Core Concepts
FineDiffusion introduces an efficient parameter-tuning approach to scale up diffusion models for fine-grained image generation with 10,000 classes. By fine-tuning key components and utilizing hierarchical label information, the method achieves superior performance while reducing training and storage overheads.
Abstract
FineDiffusion presents a novel strategy for large-scale fine-grained image generation by efficiently fine-tuning pre-trained diffusion models. The method focuses on tiered label embeddings, bias terms, and normalization layers to achieve state-of-the-art results. By leveraging superclass information and introducing a novel sampling method, FineDiffusion significantly improves image generation quality while reducing computational costs.
The content discusses the challenges of fine-grained image generation and the need for efficient methods to scale up diffusion models. It introduces FineDiffusion as a solution that accelerates training speed, reduces storage requirements, and outperforms existing parameter-efficient fine-tuning methods. The method is evaluated on datasets like iNaturalist 2021 mini and VegFru, showcasing its effectiveness in generating high-quality images across diverse categories.
Key points include:
Introduction of FineDiffusion for large-scale fine-grained image generation.
Efficient parameter tuning focusing on tiered label embeddings, bias terms, and normalization layers.

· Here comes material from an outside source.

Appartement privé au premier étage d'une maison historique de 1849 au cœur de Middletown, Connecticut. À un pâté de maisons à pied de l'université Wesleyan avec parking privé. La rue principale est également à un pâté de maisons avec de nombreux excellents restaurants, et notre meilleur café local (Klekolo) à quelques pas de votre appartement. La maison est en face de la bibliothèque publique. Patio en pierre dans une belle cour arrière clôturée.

Utilization of superclass information and novel sampling methods to enhance image quality.
Comparison with existing methods like full fine-tuning, BitFit, and DiffFit on various datasets.
Visualization of class embeddings using t-SNE technique to demonstrate the effectiveness of FineDiffusion.
Stats
Compared to full fine-tuning: 1.77% parameters tuned; 1.56× training speed-up.

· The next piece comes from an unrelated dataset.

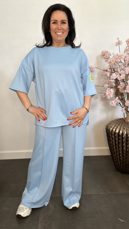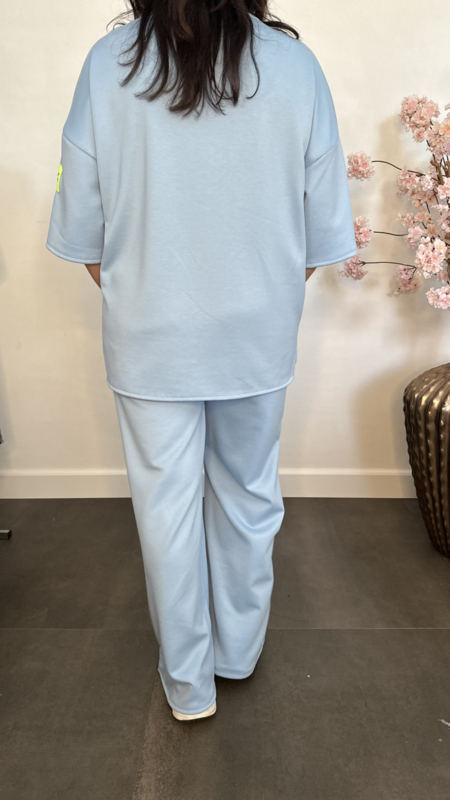 Artikelnummer: CPD 10 ijsblauw LABEL: geelClassy 2-delig comfy pak. Bestaande uit een shirt met korte mouw en een broek met elastische tailleband en wijde pijpen met een naad over de broekpijpen voor een stijlvolle look en 2 praktische zakken. Het shirt valt achter iets langer dan voor en heeft 2 kleine splitjes in de zijnaden. Met zowel op de broek een fluoriserend tekstlabel met de tekst:" Life isn't perfect but your outfit can be." In de broek zit een bijpassend koord in de tailleband in de kleur van het label.

FID scores: FineDiffusion - 9.776; Full Fine-tuning - 13.034; BitFit - 15.022; DiffFit - 15.068.
LPIPS scores: FineDiffusion - 0.721; Full Fine-tuning - 0.651; BitFit - 0.654; DiffFit - 0.653.
Quotes
"FineDiffusion significantly accelerates training and reduces storage overhead."
"Our method showcases an effective means of achieving efficient parameter fine-tuning."
"Extensive qualitative and quantitative experiments demonstrate the superiority of our method."